I know you're talking about a slightly more advanced level, but I'd say the technique still stands: Keep hacking on your own (as this is kind of the most important), but put your code out where someone can make fun of it, get it reviewed and critiqued, learn to anticipate criticisms, and you'll be a great developer in no time!
Many of the more modern programming books deal with the process of creating the software rather than the abstract bits that make up the individual steps.
Have you seen books like http://railstutorial.org/book and similar? Is this sort of what you mean?
I suggest implementing the same system using a variety of languages. Each language and system of libraries has some abstractions that can result in the novice having a very incomplete or incorrect mental model of what is actually happening.
In using a variety of frameworks/languages, the learner gets more adept each time since lots of the abstractions are the same, but really jumps forward in the areas where the abstractions are different enough to create some food for thought.

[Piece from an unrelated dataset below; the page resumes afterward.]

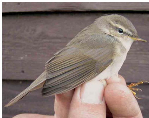
562 Blyth's Reed Warbler / Struikrietzanger Acrocephalus dumetorum , Canal Vell, Ebro delta, Tarragona, Spain, 22 October 2004 (Sergi Sales) 563 Eastern Orphean Warbler / Oostelijke Orpheusgrasmus Sylvia crassirostris , first-year male, Sula, Sør-Trøndelag, Norway, 3 October 2004 (Torborg Berge) 564 Brown Shrike / Bruine Klauwier Lanius cristatus , Ile de Noirmoutier, Vendée, France, 5 November 2004 (Vincent Legrand) 565 Pallas's Grasshopper Warbler / Siberische Sprinkhaanzanger Locustella certhiola , first-year, Utsira, Norway, 30 September 2004 (Jan Bisschop) 566 Dusky Warbler / Bruine Boszanger Phylloscopus fuscatus , Björns fyr, Uppland, Sweden, 2 October 2004 (Lennart Söderlund). This bird was retrapped on Vlieland, Friesland, the Netherlands, on 12 October. 567 Dusky Warbler / Bruine Boszanger Phylloscopus fuscatus , Kroonspolders, Vlieland, Friesland, Netherlands, 12 October 2004 (Holmer Vonk). Same bird as in plate 566!

It is that sort of thinking that helps differentiate the designed aspects of a program from the ones that are implementation specific consequences of the design.
Reading The Pragmatic Programmer helped me a lot with the problem-approaching aspect of things, but then I didn't pick it up until I was moderately comfortable with PHP. (I'm not a FT programmer so my learning process tends to be s-l-o-w w/o many opportunities for practice.)
I'd definitely be interested to see two different programmers write up their approach to a given problem. Something like this would be an excellent monthly blog post.
I'm in a very similar position working with Ruby/Rails, and I struggled for a while trying to figure out what to do. The approach I settled on was to work through another tutorial, but try to add features and much better design. In other (more Halloween appropriate) words, to really flesh out the skeleton that the tutorial gives you.
> I'm proposing a third option or hoping if it already exists. I would find it incredibly helpful if there were a resource that detailed the thought process and implementation steps that an experienced developer took in approaching a set of problems or projects
tertiary education?
Design Patterns: Elements of Reusable Object-Oriented Software
What do you think?: Good Idea
Valuable?: Yes, worth $34.59 according to Amazon
Does it exist?: Yes, see above
Worth creating?: Yes, if you can do it better than GoF
This is one of the most extraordinary things in Norvig's Paradigms of Artificial Intelligence Programming (commonly abbreviated to PAIP on the Web) and it's a book full of extraordinary things. When he develops something, like his Othello-playing program in chapter 18 for instance, he starts off simple, develops as he goes along (with an eye for the overall design), makes mistakes and then fixes them - all the while telling you what he was thinking.
I found it really encouraging. Here's this godlike coder who works at Google just doing incremental development until he has a really good finished product. At the end of it, you can't help thinking "but I could have done that!" In fact that was his overall purpose. In http://norvig.com/Lisp-retro.html he says 'The main object of this book is to cause the reader to say to him or herself "I could have written that"'
So yes, your option 3 is a great idea.